WASHINGTON -- President Clinton's "honorable compromise" on the issue of gays in the military demonstrates as much as anything his talent for making a silk purse out of a sow's ear.
Although the policy recommended by the Joint Chiefs of Staff and accepted by him is a considerable pullback from his campaign promise to lift the ban entirely on homosexuals serving in the armed forces, Clinton couched his acceptance of it in terms of a welding of "principle and practicality" in the face of stiff opposition in the military and in Congress to lifting the ban.
While citing studies that he said indicated no past damage to military "unit cohesion" by the presence of gays in uniform, Clinton nevertheless bowed to the stated fears of military and some congressional leaders, such as Sen. Sam Nunn, by obliging gays to keep their sexual preference to themselves or invite "a rebuttable presumption" of misconduct.
At the time Clinton announced his intention to lift the ban, he stipulated his view that behavior should be the yardstick by which any member of the armed forces should be judged under the uniform code of military conduct. He repeated that position in disclosing the new policy. But the critical issue is what constitutes misconduct; most gays who believe their lifestyle is legitimate and straights who see it as aberrational are worlds apart on the matter.
Once again Bill Clinton has found it necessary to trim back a campaign position to accommodate the political realities. He learned from Nunn almost at the outset of the debate that if he tried to railroad a complete lifting of the ban through, Congress would reverse him so emphatically that any veto attempt would be overridden. With this policy, the president hopes to avoid that circumstance, but it is far from clear that Congress won't reject even this compromise.
The new policy amounts essentially to the interim plan that went into effect when Clinton first announced his intention to lift the ban and called on Secretary of Defense Les Aspin, in conjunction with the Joint Chiefs of Staff, to produce a report on how to implement it. Recruits are not asked about their sexual preference and can continue to serve as long as they are not guilty of misconduct.
But the latest refinement says that if, once in uniform, they acknowledge they are gay, that will be cause to discharge them, with the caveat that they will have an opportunity to take issue with the "presumption" that by being gay, they will violate the military code of conduct in their personal lives.
By specifically declaring that any "unsuitable conduct" committed "at all times in all places" will be cause for discharge, the new policy seems to reject the compromise proposal of Democratic Rep. Barney Frank, one of Congress' two avowed homosexuals, that would have permitted gays to pursue the gay social lifestyle publicly off base.
However, the Associated Press has quoted White House officials as saying gays could patronize gay bars or take part in gay marches as long as they did not engage in public displays of affection toward members of their own sex.

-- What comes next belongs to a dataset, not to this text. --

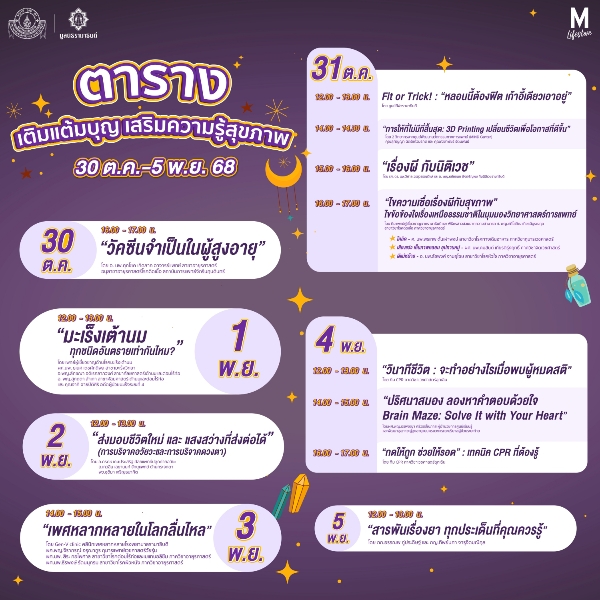 พฤหัสบดีที่ 30 ต.ค. เติมแต้มบุญ เสริมความรู้สุขภาพในวันเปิดงาน

Clinton in his speech to senior military officers called the policy "a real step forward" but he was well aware that it constituted a retreat from his earlier more categorical position against the ban on gays.
He cast his decision in terms that will appeal to many outside the gay community -- that while "as president of all the American people, I am pledged to protect and promote individual rights . . . as commander-in-chief, I am pledged to protect and advance our security."
And he made a point of saying he was defending individual, not group, rights -- a way of saying he was not siding with any of the gay protest groups whose tactics cause discomfort to many heterosexual Americans.
But once again the president finds himself caught between ambitious and categorical campaign rhetoric and the hard reality of governing, and having to roll back.
In the current climate of doubt about his leadership, he may not benefit much from striking a compromise -- though compromise is said to be the prime art of politics.